In fact, the numbers presented in the Harvard study support the contention that among the nations studied, those with more gun control tend toward higher death rates.

http://www.breitbart.com/Big-Government/2013/08/27/Harvard-Study-Shows-No-Correlation-Between-Strict-Gun-Control-And-Less-Crime-Violence

Zippyjuan
08-28-2013, 07:05 PM
Only considered murder and suicide- not violent crime in general. Concluded that such people would find something else to kill with. However in the case of mass killings, having a gun would make it easier to kill more people than trying to use say a knife instead. The conclusion:

http://www.law.harvard.edu/students/orgs/jlpp/Vol30_No2_KatesMauseronline.pdf


This Article has reviewed a significant amount of evidence
from a wide variety of international sources. Each individual
portion of evidence is subject to cavil—at the very least the
general objection that the persuasiveness of social scientific
evidence cannot remotely approach the persuasiveness of
conclusions in the physical sciences. Nevertheless, the burden
of proof rests on the proponents of the more guns equal
more death and fewer guns equal less death mantra, especially
since they argue public policy ought to be based on
that mantra.149 To bear that burden would at the very least
require showing that a large number of nations with more
guns have more death and that nations that have imposed
stringent gun controls have achieved substantial reductions
in criminal violence (or suicide). But those correlations are
not observed when a large number of nations are compared
across the world.

tangent4ronpaul
08-28-2013, 07:17 PM
And this study came out of Harvard??? They are usually one of the main cheerleaders pushing junk science gun control research, them and the CDC.

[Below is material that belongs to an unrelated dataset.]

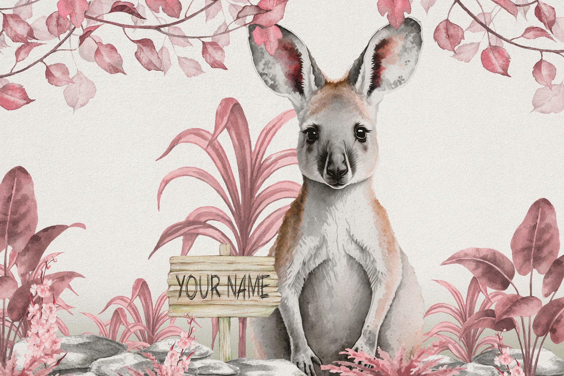 Billedet viser en yndig kænguru på en baggrund af lyserøde planter og hængende blade. Kænguruens bløde gråtoner og jordfarver harmonerer smukt med den lyserøde baldakin og skaber et beroligende, men alligevel levende billede.

I remember one study where they were looking at the effects of gun control in Jamaica were guns were completely banned. The mudrer rate, violent crime rate and rape rate all went up. The weapon of choice switched to the machete.

-t

AFPVet
08-28-2013, 07:24 PM
Only considered murder and suicide- not violent crime in general. Concluded that such people would find something else to kill with. However in the case of mass killings, having a gun would make it easier to kill more people than trying to use say a knife instead. The conclusion:

http://www.law.harvard.edu/students/orgs/jlpp/Vol30_No2_KatesMauseronline.pdf

I wouldn't be too quick to judge. People use weapons capable of expending the same KE (kinetic energy) as a tank cannon everyday—their personal vehicles. Such vehicles can enact carnage on a mass scale if people wished. Firearms would pale in comparison to a nut job with a "Carmageddon" vehicle.

better-dead-than-fed
08-28-2013, 08:01 PM
However in the case of mass killings, having a gun would make it easier to kill more people than trying to use say a knife instead.

Assuming a gun-less mass killer would use a knife instead of this:

http://cryptome.org/0001/tm-31-210.htm

but that assumption would seem unfounded.

You also have to look at the invitation which a disarmed public presents for government employees to commit mass killings (e.g. gas chamber).